I am running my usual route – along the river – when I come across my second dead homeless man of the week. He is at the top of the stairs which lead to Palackého Bridge and is contorted in a manner which leaves little question about his condition. Nevertheless, I stare at his chest hoping to glimpse some movement. It does not come. I jog in place for a moment and look around. I am alone.

He is, was, younger, than the other man and doesn’t have the same hardened look. An ambulance comes around the corner and rolls down the road without hurry, so I trot off across the bridge and point at the body. The driver nods at me.

I instantly desire to block this memory, but several facts make this difficult. In the first place, I am running, and there’s little else to do on a run but think. And if you’ve just seen a dead body – your second in seven days – you are going to think about that. Moreover, I have no food to distract my baser instincts and I was gifted a hereditary obsessive thought process as though it were a cabin in upstate New York.
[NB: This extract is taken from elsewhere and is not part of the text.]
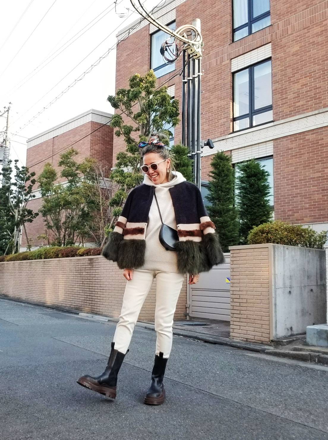 ヒールバッグは、小ぶりのサイズ感とシンプルなデザインが気に入って、コーデを引き締めてくれる黒をチョイス。白系でまとめたインナーのアクセントとして取り入れました。アウターとブーツにボリュームがあるので小ぶりのバッグがぴったりです。(濱口沙世子さん スタイリスト)

The next ten minutes are dedicated to building this guy’s life story. I dress him up in different clothing, put him into various situations, and draw his mother with my brain. He’s from some little town in south Bohemia where he cooked with his grandmother on Sunday afternoons, had a dog, and wanted to be a baker.

This whole thing degrades into guilt. Guilt is the byproduct of my Catholic upbringing and the greasy twin sister of my obsessive thought process. There is guilt over not being able to help. There is guilt over living in a comfortable flat too big for me. There is guilt over the fact that I fed my cat leftover duck this morning while this guy was dying. There is guilt over my second sausage sandwich. There is guilt now over writing this post – will people think I’m mocking a dead person? I am not. Am I being too lighthearted about this? I am not trying to be, but I still feel guilty.

Welcome to my brain. Come for the obsession compulsion, stay for the crippling guilt.

By the time I have looped the river and come back to the where I first saw him, guilt has trickled into paranoid conspiracy. I was the only person at both places to see these men. Where the hell was everyone else? Where were the authorities? I jog up the steps, seeing the quiet lights on the ambulance. The guy is inside, I guess. The paramedics are smoking and chatting. The driver nods to me as though I brought this whole thing on, but I want no part of it. I feel like the Grim Reaper for homeless alcoholics, a job I did not ask for.

I finish my jog, hoping that all homeless, living and dead, just stay the hell out of my way.

  1. #1 by Kelly on November 7, 2013 - 1:04 am

    Not that I see dead homeless people on a regular basis, but I can totally relate to this. It’s one of the reasons I no longer watch the news. I can’t take the guilt. I put on a documentary about the black market organ trade earlier today and it showed all these Philippinos living in shacks and under shacks who were selling their kidneys to buy appliances and I just felt like an asshole. But what do we do?

    Also, it’s crazy how different things are in the rest of the world. Living in America, I have the privilege of not being faced with death on a regular basis but other places it’s just so in your face. I was in Sarajevo two years ago and there was a dead dog on a busy commercial avenue and people were just stepping around it like it was no big deal. No one even seemed to notice. Even that made me very sad. It truly is unbelievable when you think how vast the gap is between those who are fortunate and those who aren’t.

  2. #2 by Damien Galeone on November 8, 2013 - 11:14 am

    Yeah, I totally agree, K. It’s just disturbing at times. Hey – side note, I was trying to get on your site and I am having trouble. Are you having technical difficulties at the moment?